◆ SOURCE MATERIAL:
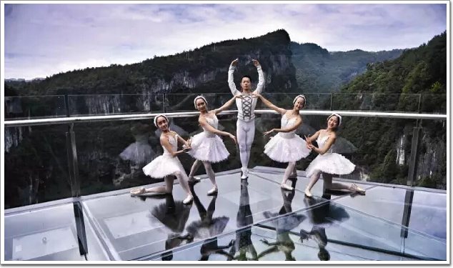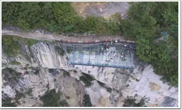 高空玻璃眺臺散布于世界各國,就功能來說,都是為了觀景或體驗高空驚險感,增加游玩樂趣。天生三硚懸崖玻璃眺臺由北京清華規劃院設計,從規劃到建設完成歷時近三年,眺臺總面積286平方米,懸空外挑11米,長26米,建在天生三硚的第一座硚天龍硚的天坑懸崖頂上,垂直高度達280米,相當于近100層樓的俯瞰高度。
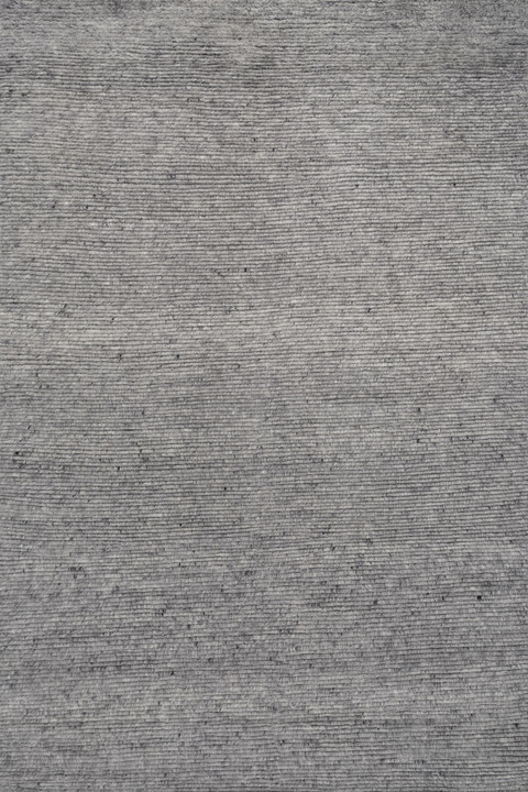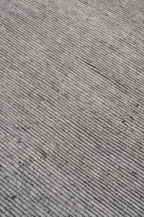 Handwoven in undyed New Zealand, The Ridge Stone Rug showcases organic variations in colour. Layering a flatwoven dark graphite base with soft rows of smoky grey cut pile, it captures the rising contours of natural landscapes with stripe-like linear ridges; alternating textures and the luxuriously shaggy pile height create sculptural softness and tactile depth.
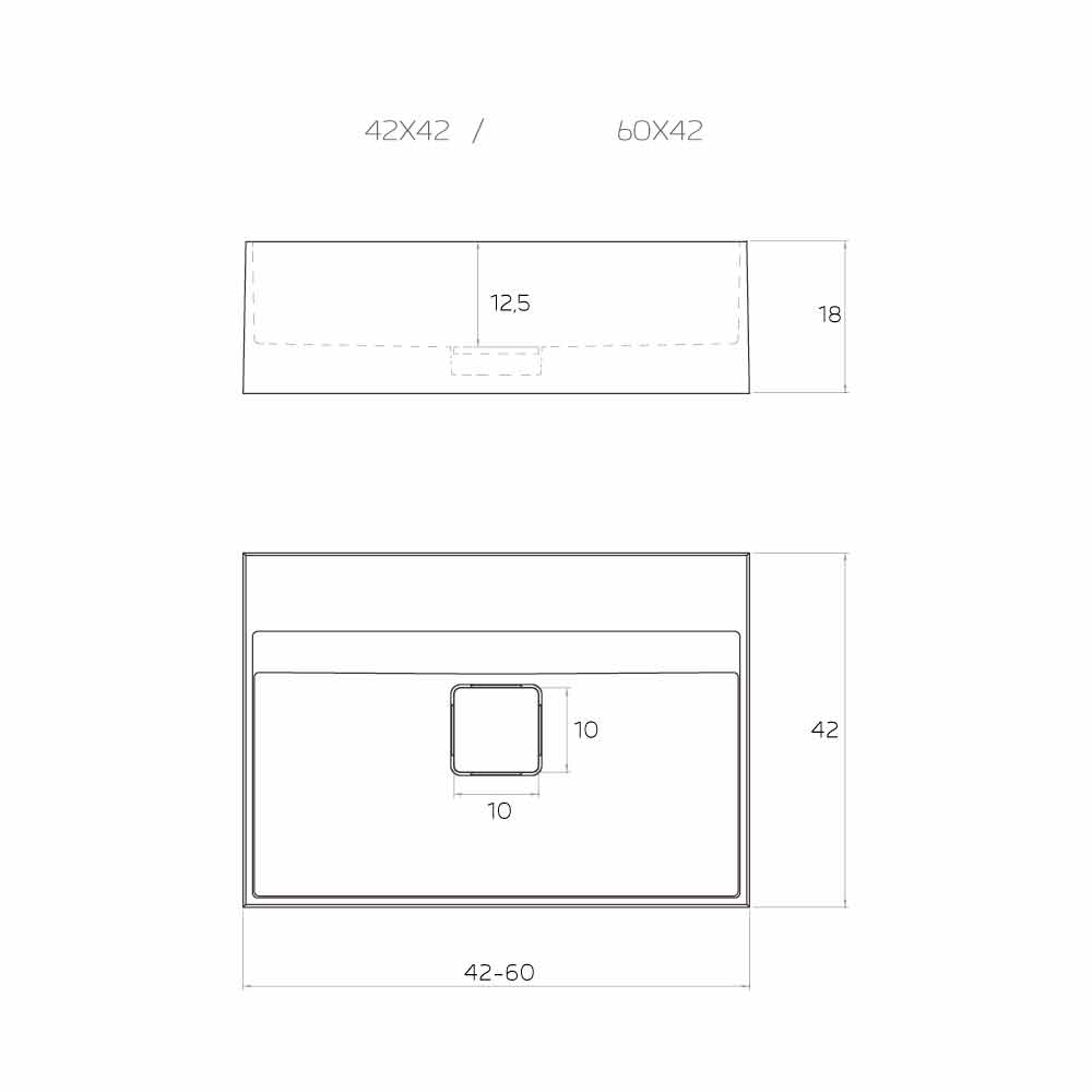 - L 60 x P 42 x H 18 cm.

◆ HOW TO COMPLETE THIS TASK: Could each line of the data be written out exactly, with no pictures included?

◆ REPLY:
 高空玻璃眺臺散布于世界各國,就功能來說,都是為了觀景或體驗高空驚險感,增加游玩樂趣。天生三硚懸崖玻璃眺臺由北京清華規劃院設計,從規劃到建設完成歷時近三年,眺臺總面積286平方米,懸空外挑11米,長26米,建在天生三硚的第一座硚天龍硚的天坑懸崖頂上,垂直高度達280米,相當于近100層樓的俯瞰高度。
 Handwoven in undyed New Zealand, The Ridge Stone Rug showcases organic variations in colour. Layering a flatwoven dark graphite base with soft rows of smoky grey cut pile, it captures the rising contours of natural landscapes with stripe-like linear ridges; alternating textures and the luxuriously shaggy pile height create sculptural softness and tactile depth.
 - L 60 x P 42 x H 18 cm.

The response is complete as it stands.